The title La fille aux cheveux de lin was inspired by Leconte de Lisle's poem by the same name, one of his Chansons écossaises (Scottish songs) from his 1852 collection Poèmes antiques (Ancient Poems). The image of a girl with flaxen-coloured hair has been utilized in fine art as a symbol of innocence and naivety. Writers have suggested that Debussy's successful portrayal of these emotions was tied in with the musical simplicity of the prelude—specifically, the technical and harmonic elements. His choice of simplicity for this piece was highly unusual, since it deviated from his style at the time and brought back the simple harmonies that he had utilized in his earlier musical compositions, which were more traditional.

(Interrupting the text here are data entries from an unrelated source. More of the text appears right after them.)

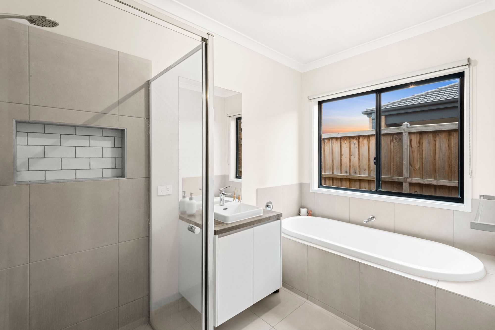 Main bathroom: Semi frameless shower, extended shower niche, bath, tiled floor, window with roller blinds, mirror splash back, single basin, stone benchtop, separate toilet
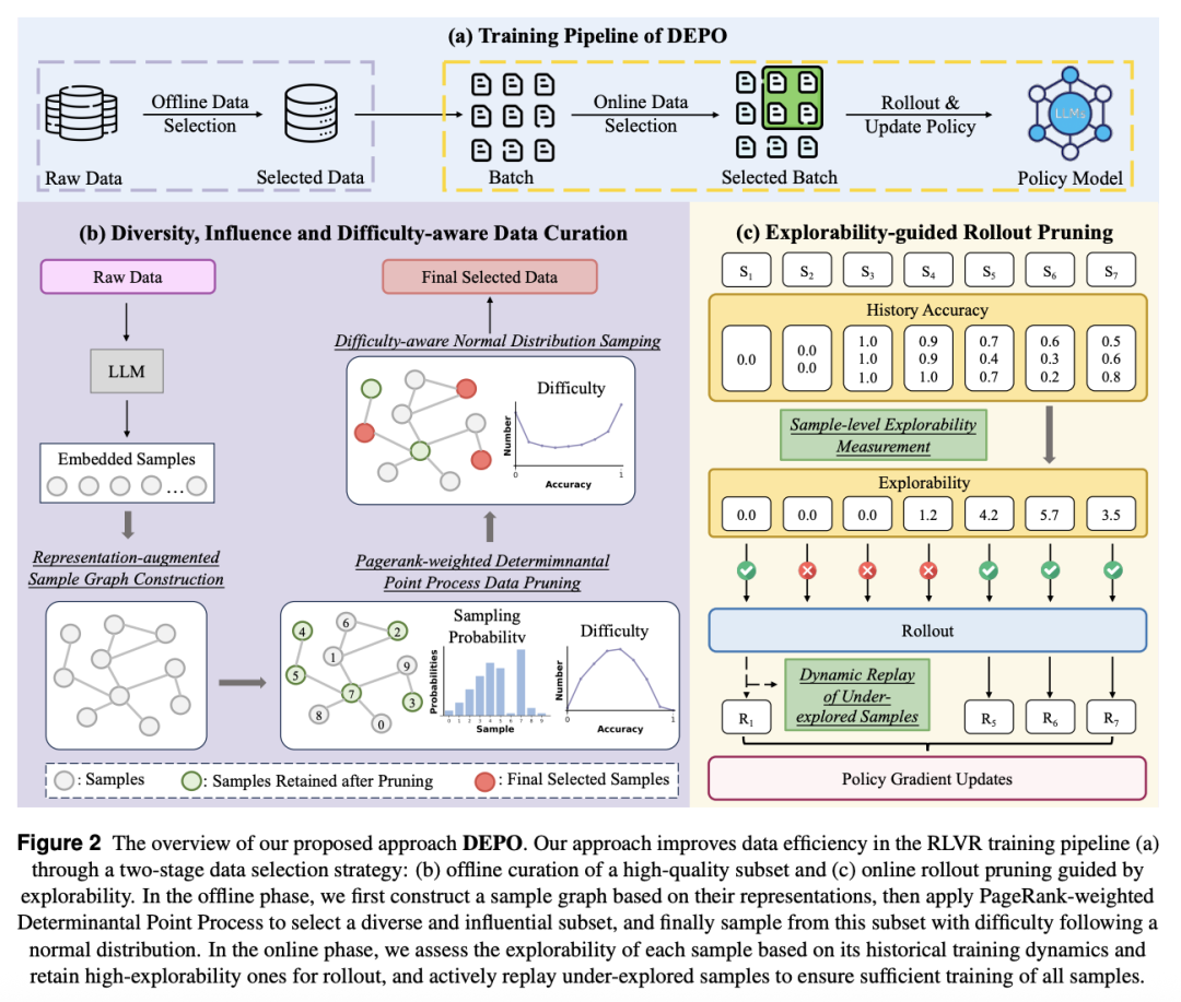 现有 RLVR 方法、通过扩大训练数据量和 rollout 数量来提升模型推理能力,但这导致训练成本激增(计算资源、时间)且数据利用率低。
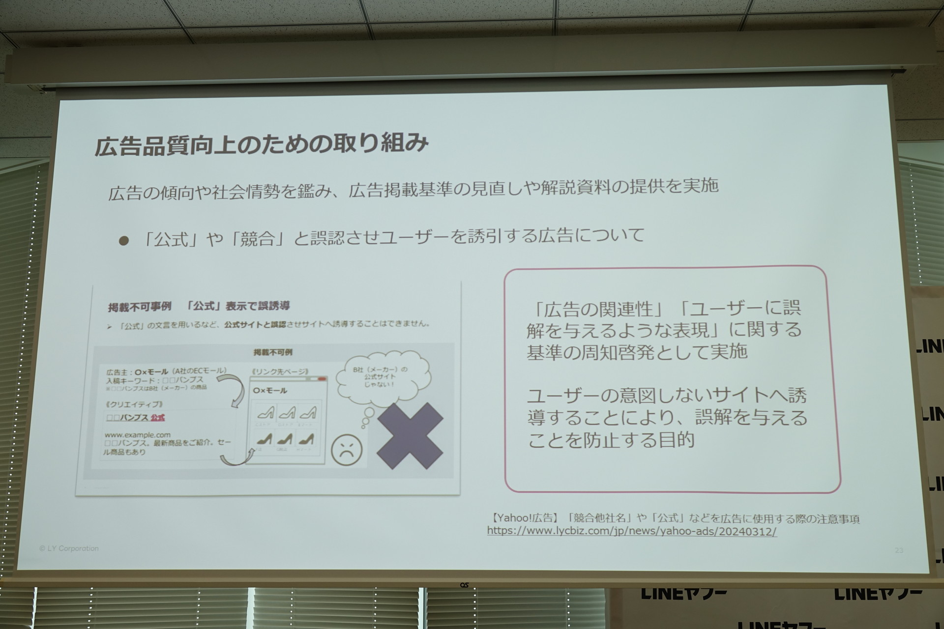 Web広告の信頼性の保ち方、LINEヤフーが「なりすまし広告」への対処など説明(21/24)

Debussy had previously utilized the title for a mélodie he wrote from 1882 to 1884. However, it does not feature any similarities to the 1910 prelude, and merely has a "distant familial relationship" with the prelude at most according to James R. Briscoe in the music journal 19th-Century Music. The song, which is one of his earlier works, was dedicated to Marie-Blanche Vasnier. She had an affair with Debussy at the time, and he dedicated most of the compositions he wrote from 1880 to 1884 to her.

===Poem===
Leconte de Lisle's original poem was written in French. In English, it is translated as:

On the lucerne midst flowers in bloom,
Who sings praises to morning?
It is the girl with golden hair,
The beauty with lips of cherry.

For, love, in clear summer sunlight,
Has soared with the lark and sung now.

Your mouth has such colours divine,
My dear, so tempting to kisses.
On grass in bloom, talk to me, please,
Girl with fine curls and long lashes.

For, love, in clear summer sunlight,
Has soared with the lark and sung now.

Do not say no, cruel maiden.
Do not say yes. Better to know
The long lasting gaze of your eyes
And your rosy lips, oh, my belle.

For, love, in clear summer sunlight,
Has soared with the lark and sung now.

Farewell, you deer, farewell you hares
And the red partridge. I want
To stroke the gold of your tresses
Smothering lips with my kisses.

For, love, in clear summer sunlight,
Has soared with the lark and sung now.

==History==
The prelude was completed on 15–16 January 1910, and was first published in April of that same year, along with the rest of his preludes from Book I. Its first performance was given by Franz Liebich at the Bechstein Hall in London two months later, on 2 June. This was followed by an American premiere at the Stockbridge Casino in Stockbridge, Massachusetts on 26 July 1910, performed by Walter Morse Rummel. Subsequently, the French premiere took place the following year on 14 January at the Société Nationale de Musique in Paris, with Ricardo Viñes performing the work.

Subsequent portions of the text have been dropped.